Maersk Line is to cut 4,000 shoreside staff positions, and will not be exercising options on eight newbuildings as it seeks to cut costs in a difficult market.

The Danish container line said that it would be reducing its shoreside staff of 23,000 worldwide by some 4,000 by the end of 2017.

Maersk Line said it aimed to minimize redundancies through “managing natural attrition”, but gave no figures on expected numbers, although Soren Skou, CEO of Maersk Line did say in media call that natural attrition could be quite large in orgnanisation of their size.

He added lay-offs would be worldwide with the company present in 116 countries. “We are fewer people today than a year ago. We will be fewer next year and the following year. These decisions are not taken lightly, but they are necessary steps to transform our industry,” Skou said in a statement.

The company is aiming to cut its Sales, General & Administration (SG&A) cost run-rate by $250m over the next two years with increased standardization and digitalization.

According to Skou, most this reduction will come from reducing the number of people employed and a “bit of reduction” in IT costs.

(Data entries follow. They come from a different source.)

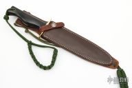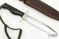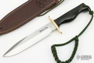 This Model 16 Special Fighter from Randall Made Knives has a satin finished stainless steel spear point blade with sharpened top edge, .215" blade stock and 1.248" blade depth, full tang construction. Handle has a nickel silver double guard, black linen micarta "impregnated" border patrol style grip. Stainless steel blade. Comes with waxed brown leather sheath. Has a couple light scratches, otherwise excellent condition.
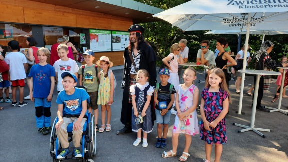 Gebannt verfolgte der Chornachwuchs und die Begleiter die Geschichte von Pippi Langstrumpf und ihren Freunden, die es mit einer waschechten Piratenbande aufnehmen mussten. Einem Piraten sind wir sogar begegnet.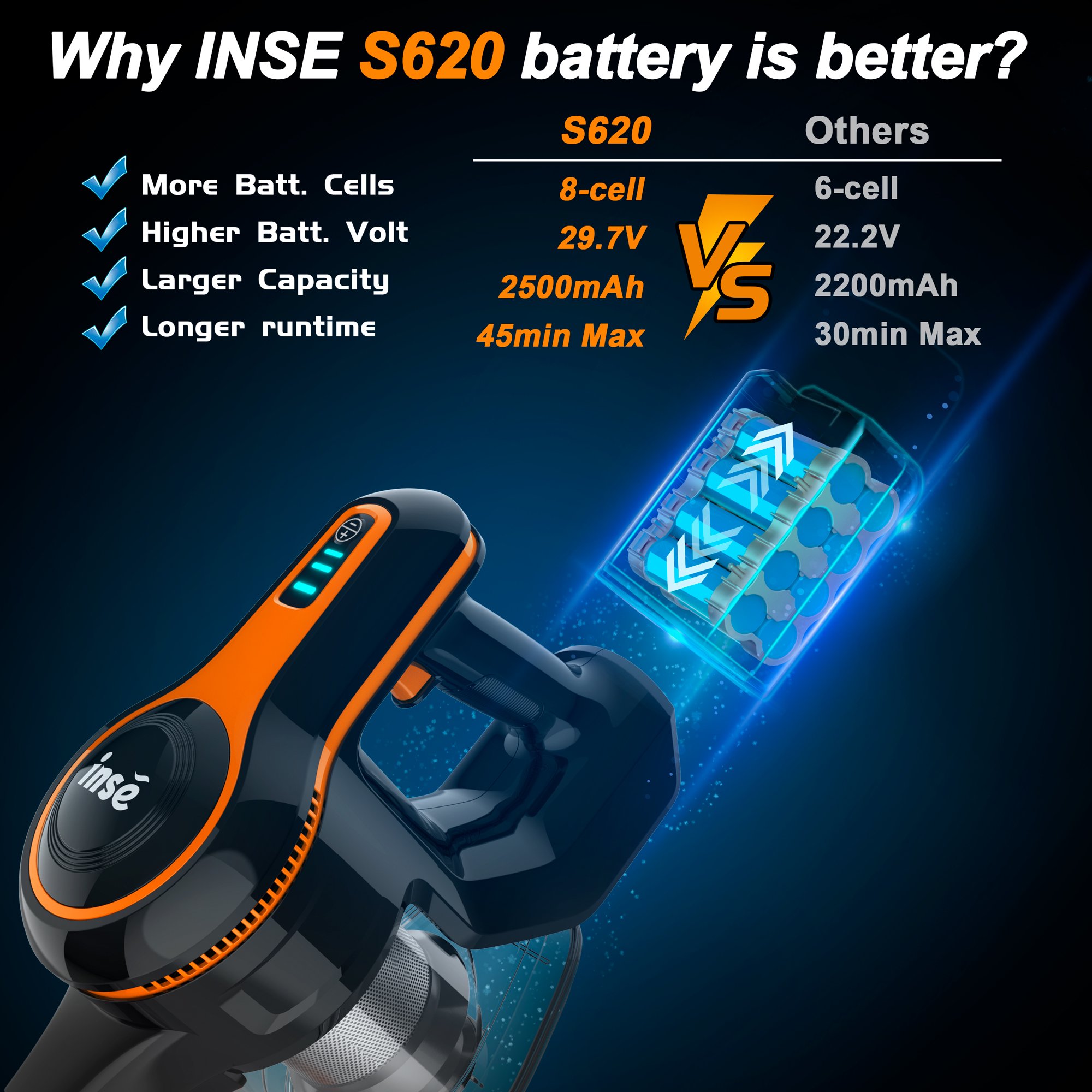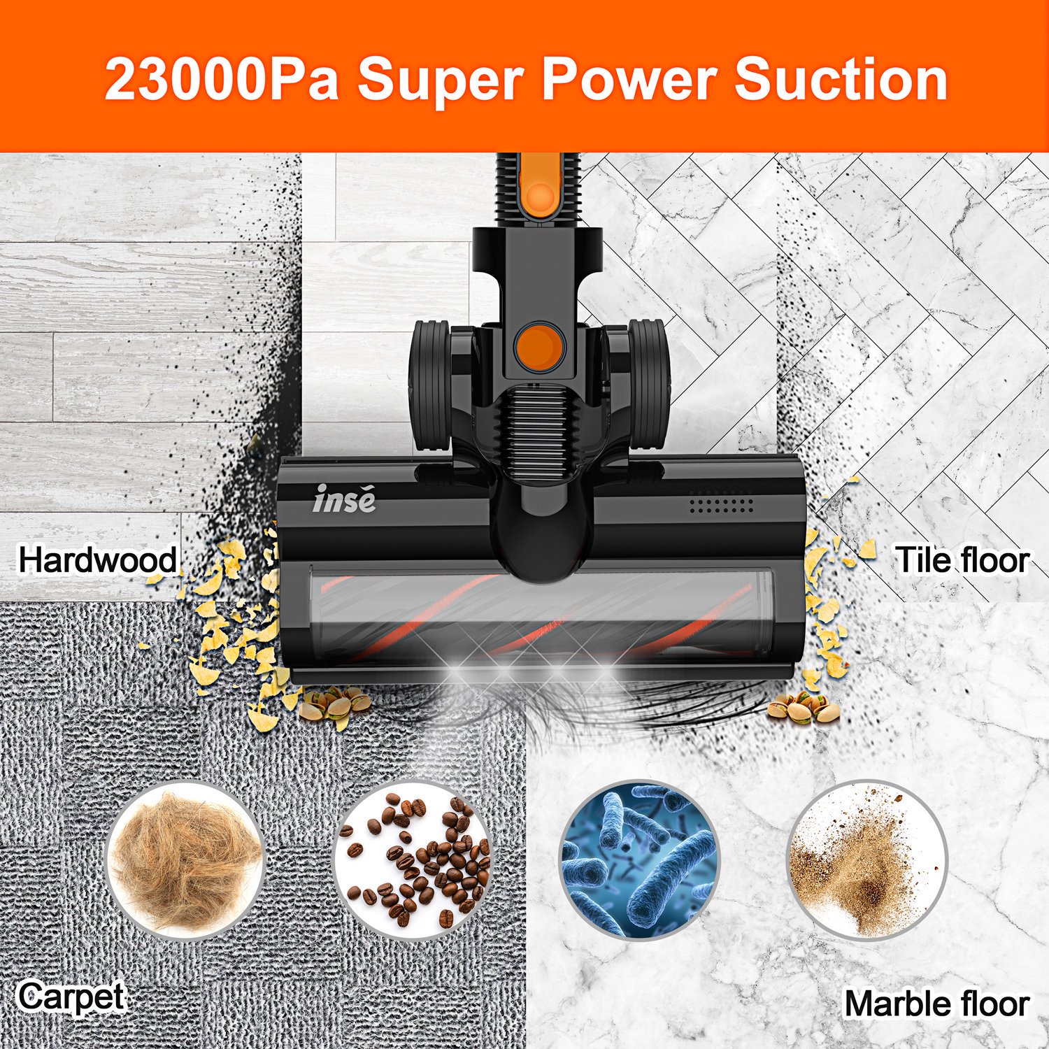 INSE Cordless Vacuum Cleaner. 23Kpa Strong Suction Stick Vacuum up to 45min Runtime Detachable Battery. Ultra Quiet Lightweight for Pet Hair Carpet Hard Floor

Maersk also announced it would not be taking up options for six second generation 19,630 TEU newbuildings and two 3,600 TEU feeder vessels. It will also postpone the decision on eight optional 14,000 TEU vessels.

“We are basically reacting to the fact market demand is signficantly weaker than was forecast just six months ago,” he said.

Over the next four quarters Skou said Maersk’s overall capacity will decrease slightly. The line is also cancelling a further 35 sailings in the fourth quarter on top of previously announced capacity cuts.

Two weeks ago Maersk announced it was cutting its 2015 full year profit forecast for its container line from $2.2bn to around $1.6bn.